Id Provider: 2091
Evento n° 468322
Data inizio: 15/03/2026
Data fine: 15/12/2026
Crediti assegnati: 3
Corso gratuito
https://www.expopoint.it/?fuseaction=skdEventi&id=2760
L’intelligenza artificiale (AI) è oggi sempre più utilizzata nell’ambito dei tumori urologici come strumento di supporto alla diagnosi, alla valutazione prognostica e ai processi decisionali clinici, con il potenziale di trasformare profondamente la gestione di queste patologie.
L’AI rappresenta un vero e proprio cambio di paradigma, reso possibile dall’evoluzione dei sistemi informatici e dalla disponibilità di enormi quantità di dati sanitari prodotti negli ultimi anni. Grazie alle tecniche di machine learning, queste tecnologie sono in grado di analizzare e interpretare immagini diagnostiche (radiografie, TC, ECG), dati clinici e biologici, contribuendo in modo sempre più accurato alla formulazione della diagnosi. Numerose applicazioni, già validate scientificamente, hanno dimostrato livelli di affidabilità spesso paragonabili a quelli dei migliori specialisti in specifici ambiti medici.

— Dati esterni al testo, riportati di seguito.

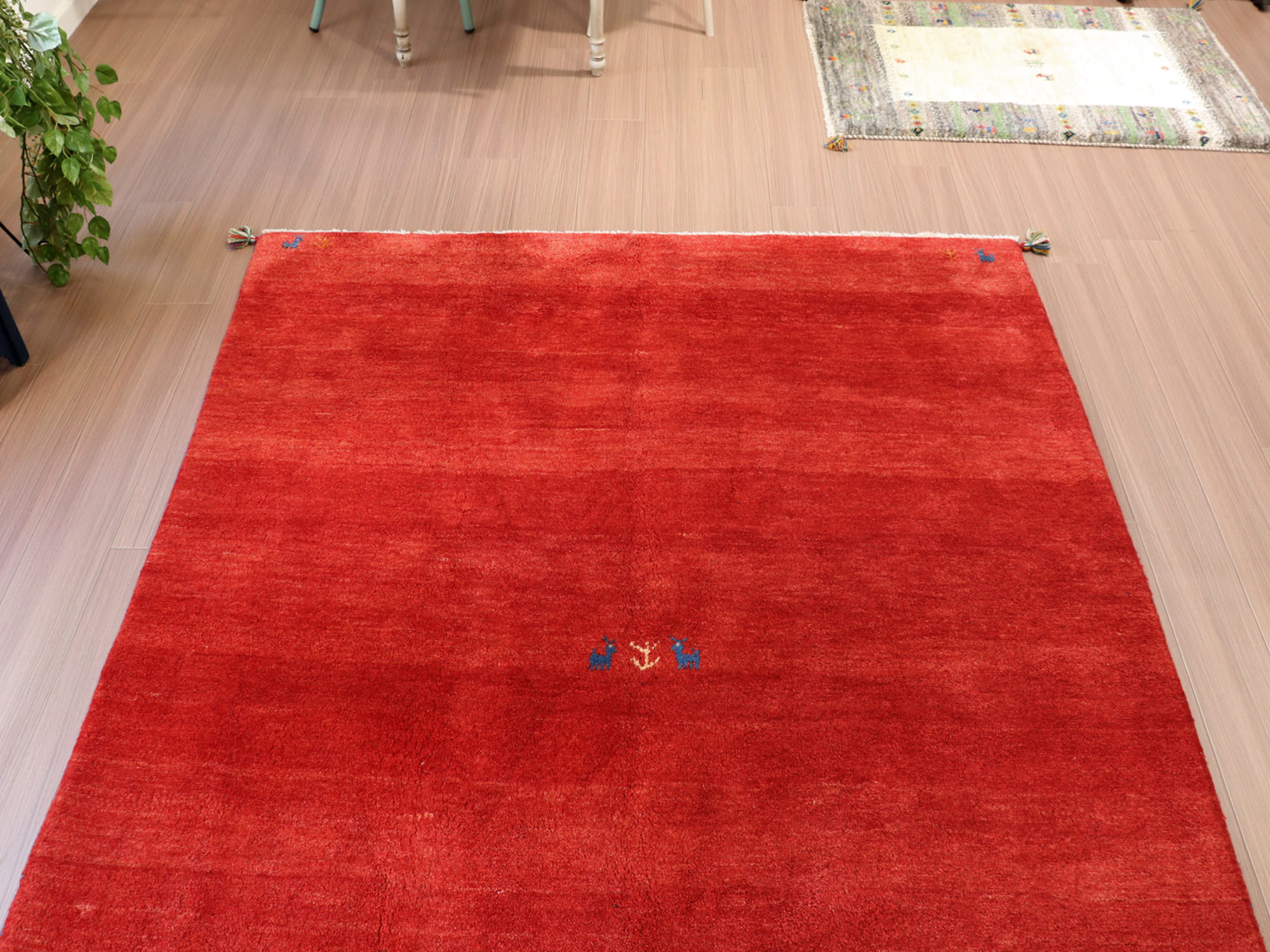 鮮やかな赤が映えるシンプルなギャッベ。赤の色がすっきり明るく見えるのは、グレーやこげ茶などがほとんど混ざっていないためです。わずかに染めムラによる濃淡が出ていてます。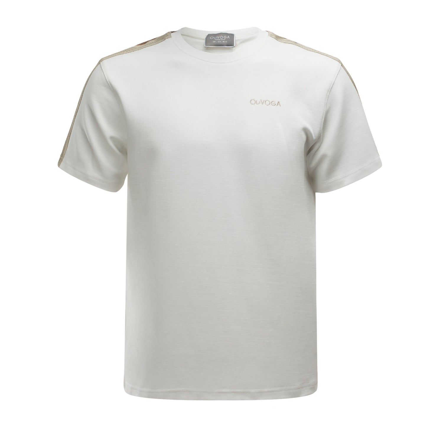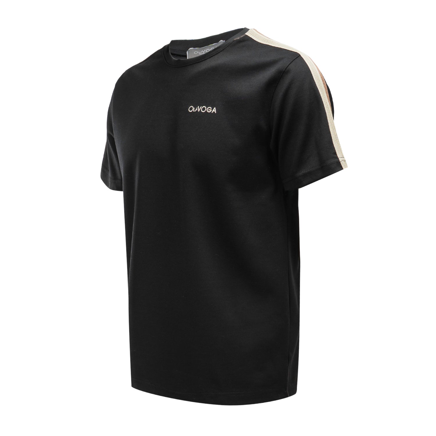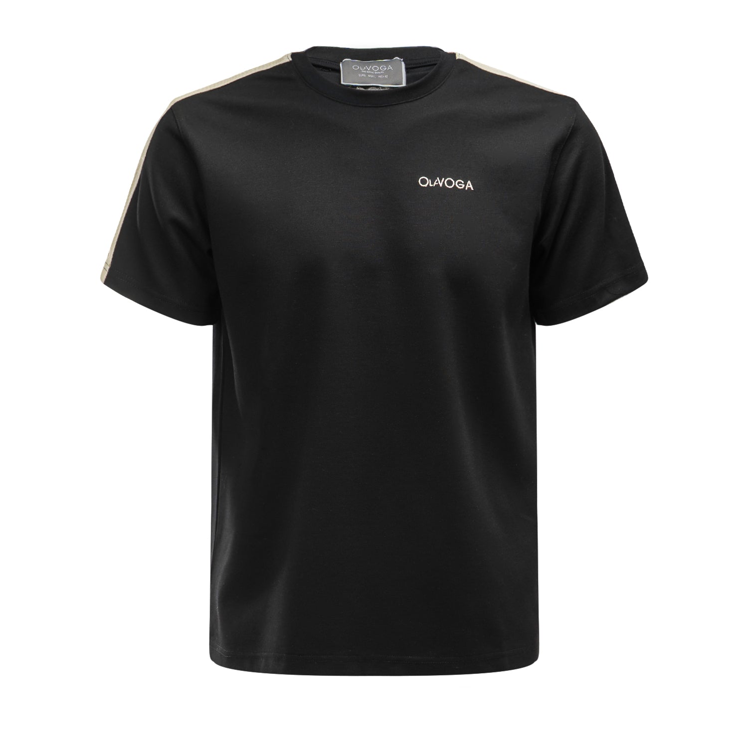 A classic men’s T-shirt with short sleeves and a straight fit. Made from high-quality, stretch cotton for comfort and durability. Features a gold embroidered OLAVOGA logo on the front and at the back of the neck. The shoulders are finished with contrasting ribbed taping in two different shades, adding a stylish touch.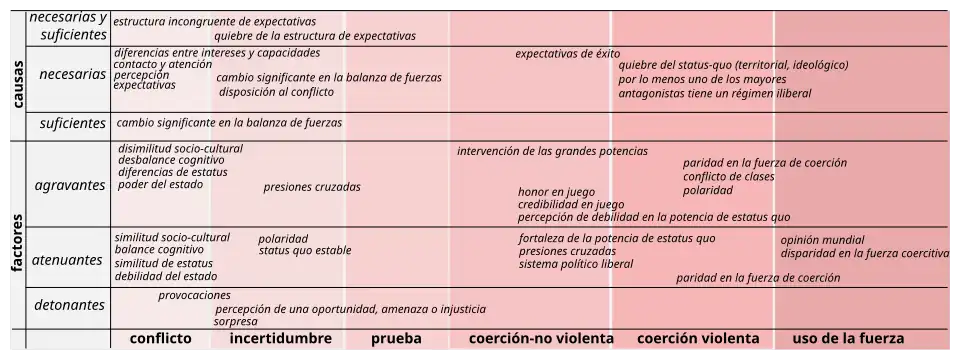 Un conflicto nace cuando una parte desaprueba el desarrollo que toman los acontecimientos de su interés. Primero viene el conflicto, luego la incertidumbre, la prueba y observación, la coerción no violenta, la coerción violenta y por último el uso de la fuerza. Para cada uno de estas fases de desarrollo de la tensión existen causas que pueden ser necesarias, suficientes o necesaria-suficientes y además factores que influyen y que pueden ser caracterizados como atenuantes, agravantes y detonantes.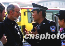 參加國慶值勤的北京警察學(xué)院學(xué)員,四日在天安門廣場(chǎng)為外國游人解答問題!笆弧逼陂g首都警方加大了旅游景區(qū)的值勤力量,以確保游客安全。中新社記者:宋吉河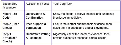 For these badges, the learners are responsible for assessing each other's work (evidence submitted by a third party). Your role is purely guidance and process verification.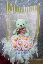 蕾絲熊金莎花束金莎花束_二崙花店(專車滿2500外送.宅配無金額限制)

Un ulteriore ambito di applicazione riguarda il supporto al decision making clinico: i sistemi di supporto alle decisioni, oggi potenziati dal machine learning, consentono di integrare molteplici variabili cliniche per individuare il trattamento farmacologico più appropriato per il singolo paziente, favorendo un approccio sempre più personalizzato.
L’AI trova inoltre un ruolo strategico nella ricerca clinica, facilitando l’identificazione delle molecole più promettenti, riducendo i tempi di sviluppo degli studi clinici e accelerando l’accesso a terapie innovative. Recenti evidenze hanno dimostrato la capacità dei sistemi di intelligenza artificiale di riconoscere specifici pattern tumorali, aprendo nuove prospettive nella classificazione delle neoplasie. A ciò si affianca l’area predittiva: l’analisi di dati clinici digitalizzati consente di individuare pazienti a maggior rischio e di prevedere eventi clinici futuri, migliorando le strategie di prevenzione e di monitoraggio.
Un ulteriore campo di applicazione è rappresentato dal Natural Language Processing (NLP), che permette di analizzare e interpretare il testo libero presente nelle cartelle cliniche elettroniche, valorizzando informazioni spesso non strutturate ma clinicamente rilevanti.
L’utilizzo dell’intelligenza artificiale non è tuttavia privo di criticità. La qualità e la validazione scientifica dei dati su cui si basano gli algoritmi sono elementi fondamentali. È pertanto essenziale distinguere tra sistemi addestrati su fonti affidabili, come letteratura scientifica e linee guida, e applicazioni basate su dati non controllati. In ogni caso, il ruolo del medico resta centrale: la decisione finale sull’utilizzo dell’AI deve sempre fondarsi su evidenze scientifiche, sicurezza, appropriatezza clinica, equità e rispetto delle normative vigenti.
I corsi proposti si articolano su due direttrici formative principali: da un lato, offrire alla comunità clinica e di ricerca una panoramica chiara e strutturata sulle potenzialità e sui limiti delle metodologie di intelligenza artificiale; dall’altro, consentire un’esperienza pratica attraverso l’utilizzo di una piattaforma di aggiornamento scientifico basata sull’AI, per affrontare quesiti diagnostico-terapeutici concreti e ottenere risposte rapide e pertinenti.